# Information provided:
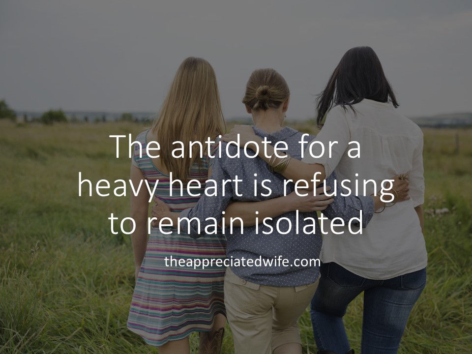 Even though it would be so helpful to reach out to some godly female friends, many of us tend to isolate during really hard times instead. Unfortunately, that only makes it easier for Satan to beat you down. With no other voices speaking hope into your life, he has free realm to whisper one lie right after another.
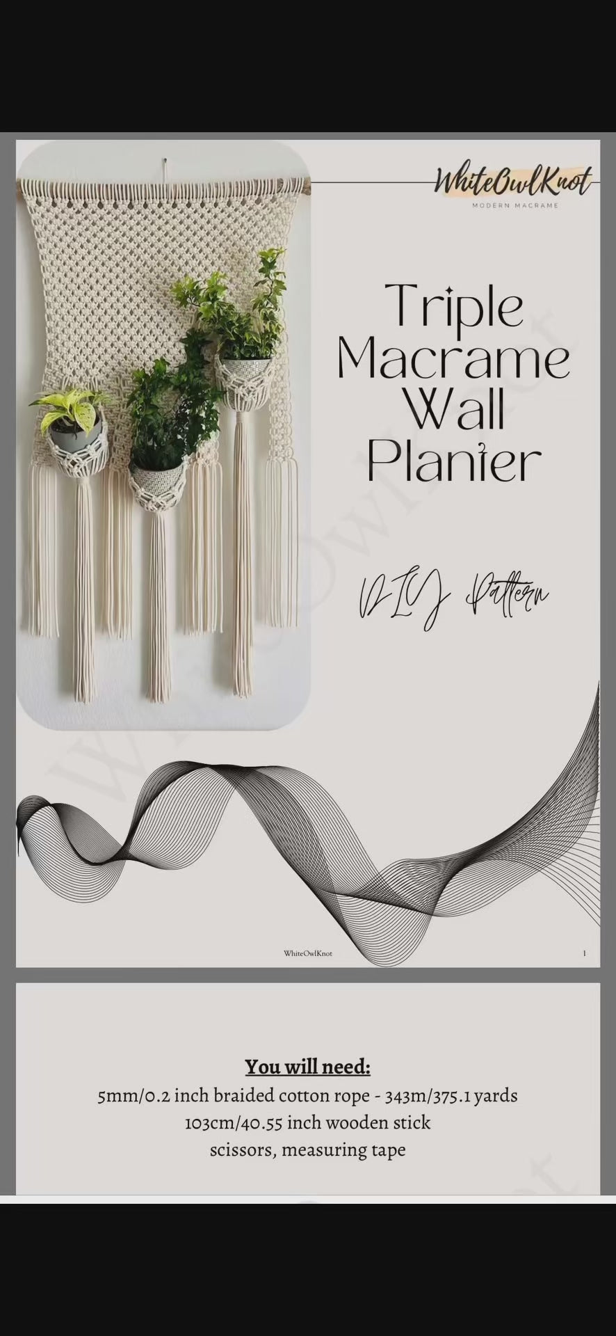 Create a stunning MACRAME TRIPLE WALL PLANTER with DIY pattern! This instant download includes detailed instructions to craft a beautiful macrame wall hanging and plant hanger. Perfect as a gift or to enhance your home decor, this pattern is designed for both beginners and experienced crafters.
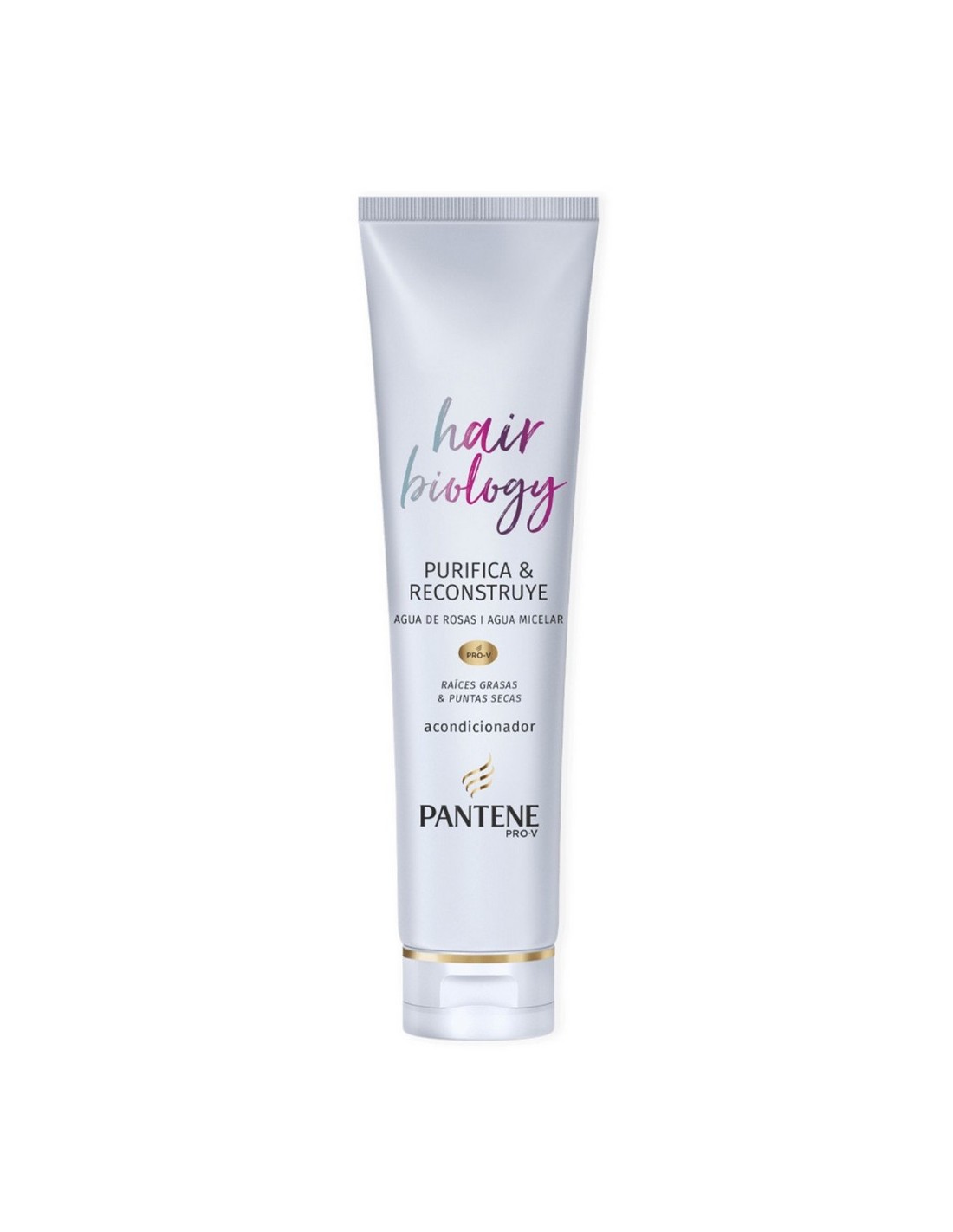 Acondicionador Pantene Hair Biology Purifica & Repara con antioxidantes y micelar, ideal para cabello graso o con puntas dañadas.

# To do:
Write out the material exactly as it stands, omitting every picture.

# Solution to this problem:
 Even though it would be so helpful to reach out to some godly female friends, many of us tend to isolate during really hard times instead. Unfortunately, that only makes it easier for Satan to beat you down. With no other voices speaking hope into your life, he has free realm to whisper one lie right after another.
 Create a stunning MACRAME TRIPLE WALL PLANTER with DIY pattern! This instant download includes detailed instructions to craft a beautiful macrame wall hanging and plant hanger. Perfect as a gift or to enhance your home decor, this pattern is designed for both beginners and experienced crafters.
 Acondicionador Pantene Hair Biology Purifica & Repara con antioxidantes y micelar, ideal para cabello graso o con puntas dañadas.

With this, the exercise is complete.